Delayed treatment initiation, virulence factors such as PVL, or both have been hypothesized to be responsible for excess mortality in MRSA infections and bacteremia. Subsequent research found that PVL was associated with decreased time from colonization to bacteremia but not to mortality (9). Again in confirmation of our results, Han et al. studied the effect of SCCmec type on the 30-day in-hospital mortality in 184 patients with MRSA and found SCCmec II significant in univariate analysis, but not after co-variates adjustment (10). That study also concluded that SCCmec II was a marker for disease severity instead of a predictor of mortality.
Our study had several limitations. The carriage of S. aureus could be transient in some cases and not always reflect the carriage pattern over time. Although the nares are the most common site for S. aureus carriage, extranasal sites can also harbor the organism (11). S. aureus carriage was tested in 2001–2004 and might not reflect the current epidemiology and MRSA strain types. Data on co-morbidities, such as cardiovascular or liver diseases and cancer, were not available for participants 18–19 years of age and were coded as missing in the analyses. We did not compare death for the genes encoding enterotoxins because of their limited numbers. However, these NHANES data are the only national data available, and the major strengths of our study include the sample size representative of the US population with generalizable findings and higher power for statistical inferences.

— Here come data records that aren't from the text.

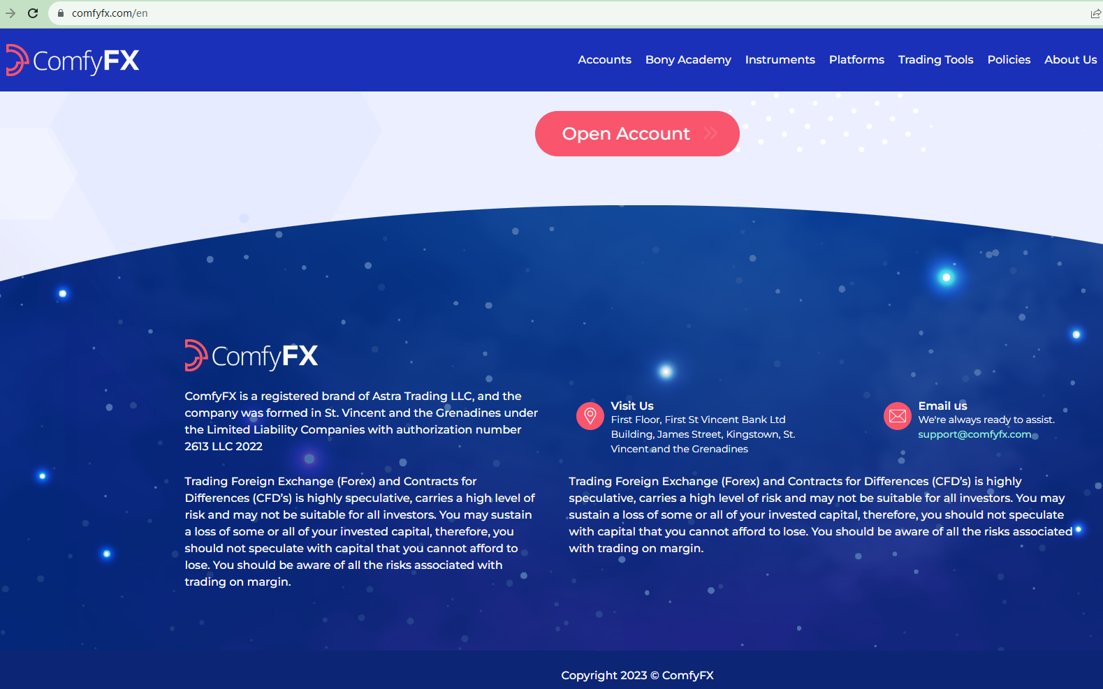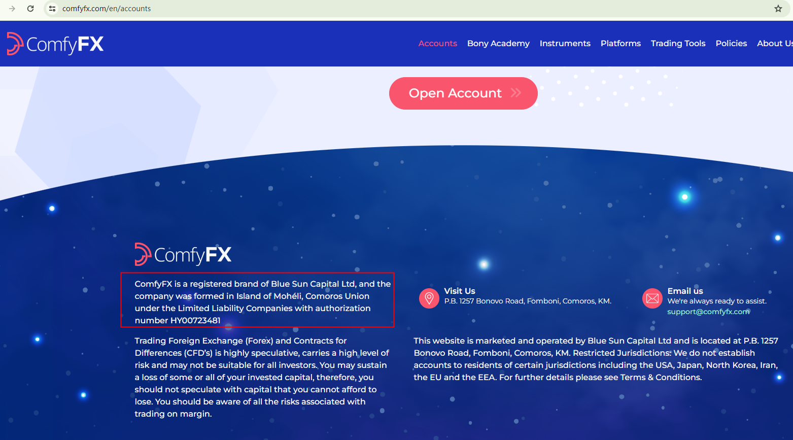 Initially, the brand claimed to be managed by Astra Trading LLC, a firm registered with the Financial Services Authority of St. Vincent and the Grenadines (SVG FSA). However, for reasons that are not clear, ComfyFX has updated its regulatory details to purport it is a "brand of Blue Sun Capital Ltd, established in the Island of Moheli, Comoros Union with authorization number HY00723481". This change casts doubt on the platform's credibility.
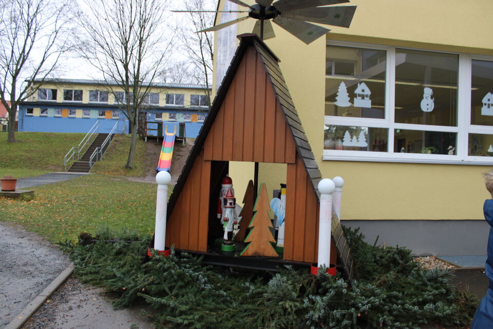 Gemeinsam mit unserer Grundschule feiern wir das traditionelle Pyramideanschieben.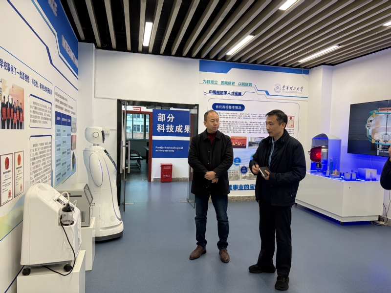 2025年12月22日下午,同方科技创新有限公司总经理秦占峰一行莅临东华理工大学国家大学科技园参观交流,深入考察园区建设发展、成果转化及企业孵化情况。国家大学科技园管理办公室主任、江西东华科技园有限责任公司董事长王合义携相关负责人陪同参观。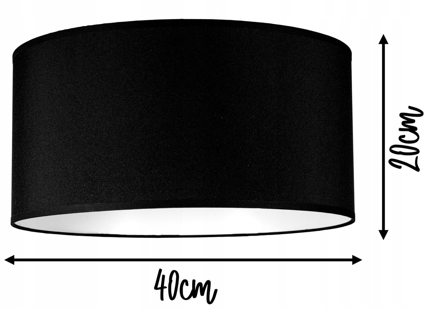 Lampa posiada abażur uszyty z gładniej czarnej tkaniny podbitej folią pcv.

Our findings are of public health and clinical importance because a lack of independent association between colonization by S. aureus and mortality implies that decolonization might not prevent death. Some studies indicate that decolonization of patients at high risk for infections could reduce the number of subsequent S. aureus infections, but evidence remains limited that it prevents death (5).
Dr. Mendy is a physician completing a PhD in epidemiology at the University of Iowa. His research focuses on infectious causes of chronic diseases.